▶ [Exercise objective]:
For this exercise, write out only the lines of the entries below from the one with "Resepi Sate Ayam Sedapppp Nye Satee" up to and including the one with "Vista del puesto", exactly as they are. Pictures stay out.

▶ [Task inputs]:
..............................

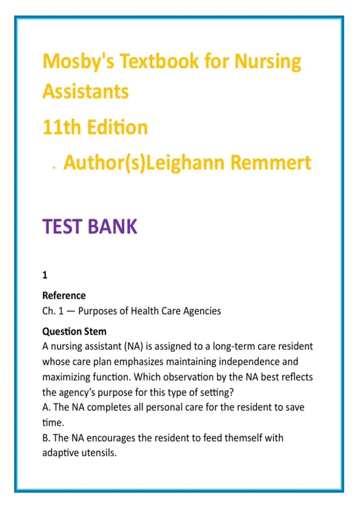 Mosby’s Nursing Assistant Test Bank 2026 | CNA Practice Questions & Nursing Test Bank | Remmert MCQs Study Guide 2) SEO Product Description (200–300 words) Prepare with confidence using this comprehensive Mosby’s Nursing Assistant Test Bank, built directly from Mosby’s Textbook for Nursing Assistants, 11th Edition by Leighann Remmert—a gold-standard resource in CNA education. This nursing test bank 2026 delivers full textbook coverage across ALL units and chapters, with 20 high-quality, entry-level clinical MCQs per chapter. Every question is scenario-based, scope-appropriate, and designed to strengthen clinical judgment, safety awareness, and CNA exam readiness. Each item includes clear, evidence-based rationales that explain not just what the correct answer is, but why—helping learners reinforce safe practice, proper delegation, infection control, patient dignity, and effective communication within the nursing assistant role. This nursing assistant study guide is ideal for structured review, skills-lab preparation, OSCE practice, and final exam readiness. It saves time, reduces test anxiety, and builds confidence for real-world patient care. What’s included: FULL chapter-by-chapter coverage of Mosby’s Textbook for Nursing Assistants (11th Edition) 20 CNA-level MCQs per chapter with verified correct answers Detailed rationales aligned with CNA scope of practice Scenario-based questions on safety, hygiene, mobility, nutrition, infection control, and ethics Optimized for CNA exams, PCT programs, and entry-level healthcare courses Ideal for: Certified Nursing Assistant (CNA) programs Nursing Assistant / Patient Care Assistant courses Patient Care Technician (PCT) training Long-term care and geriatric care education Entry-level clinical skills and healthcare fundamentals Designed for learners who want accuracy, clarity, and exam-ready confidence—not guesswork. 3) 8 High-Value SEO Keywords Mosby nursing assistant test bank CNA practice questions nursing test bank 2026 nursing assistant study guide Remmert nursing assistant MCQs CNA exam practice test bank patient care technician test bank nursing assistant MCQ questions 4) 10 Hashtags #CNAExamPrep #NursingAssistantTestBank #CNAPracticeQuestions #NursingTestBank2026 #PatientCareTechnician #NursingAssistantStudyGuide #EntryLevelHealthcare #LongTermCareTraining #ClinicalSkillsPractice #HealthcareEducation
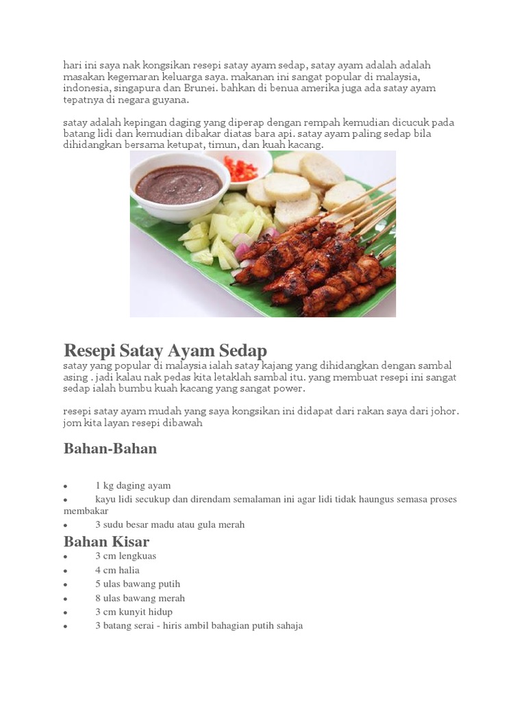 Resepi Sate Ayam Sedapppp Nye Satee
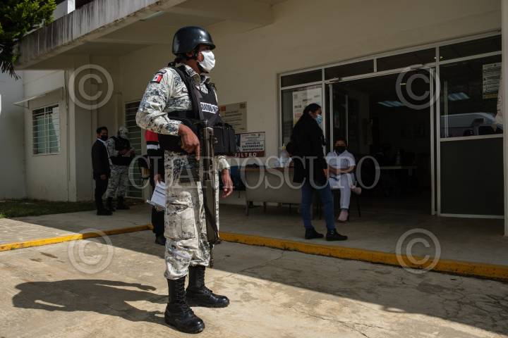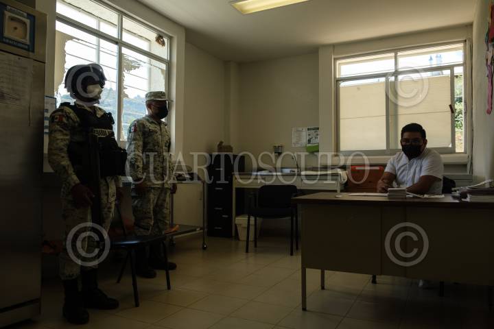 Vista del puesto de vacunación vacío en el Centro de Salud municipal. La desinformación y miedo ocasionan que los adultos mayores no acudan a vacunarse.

..............................

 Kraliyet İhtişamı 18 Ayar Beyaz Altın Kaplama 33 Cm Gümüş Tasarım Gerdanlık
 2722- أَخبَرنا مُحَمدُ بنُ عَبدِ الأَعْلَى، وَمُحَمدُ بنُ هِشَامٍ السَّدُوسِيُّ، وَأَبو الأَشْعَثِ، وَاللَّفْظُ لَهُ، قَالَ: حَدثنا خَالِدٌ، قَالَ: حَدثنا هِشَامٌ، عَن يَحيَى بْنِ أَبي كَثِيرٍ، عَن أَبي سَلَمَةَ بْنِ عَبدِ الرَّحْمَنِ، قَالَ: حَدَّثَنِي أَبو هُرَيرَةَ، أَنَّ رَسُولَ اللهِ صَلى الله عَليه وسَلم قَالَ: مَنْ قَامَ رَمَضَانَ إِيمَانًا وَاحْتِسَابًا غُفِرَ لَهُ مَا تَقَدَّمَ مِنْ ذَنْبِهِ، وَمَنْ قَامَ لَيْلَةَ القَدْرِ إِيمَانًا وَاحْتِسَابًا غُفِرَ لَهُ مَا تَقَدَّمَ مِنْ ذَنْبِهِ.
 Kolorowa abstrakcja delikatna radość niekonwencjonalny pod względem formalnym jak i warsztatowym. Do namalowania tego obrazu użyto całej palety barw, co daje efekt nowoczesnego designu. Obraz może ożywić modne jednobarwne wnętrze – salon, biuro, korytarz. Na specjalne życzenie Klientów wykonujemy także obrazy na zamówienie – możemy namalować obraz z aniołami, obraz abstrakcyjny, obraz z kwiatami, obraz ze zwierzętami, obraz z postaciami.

..............................

▶ [Task answer]:
 Resepi Sate Ayam Sedapppp Nye Satee
 Vista del puesto de vacunación vacío en el Centro de Salud municipal. La desinformación y miedo ocasionan que los adultos mayores no acudan a vacunarse.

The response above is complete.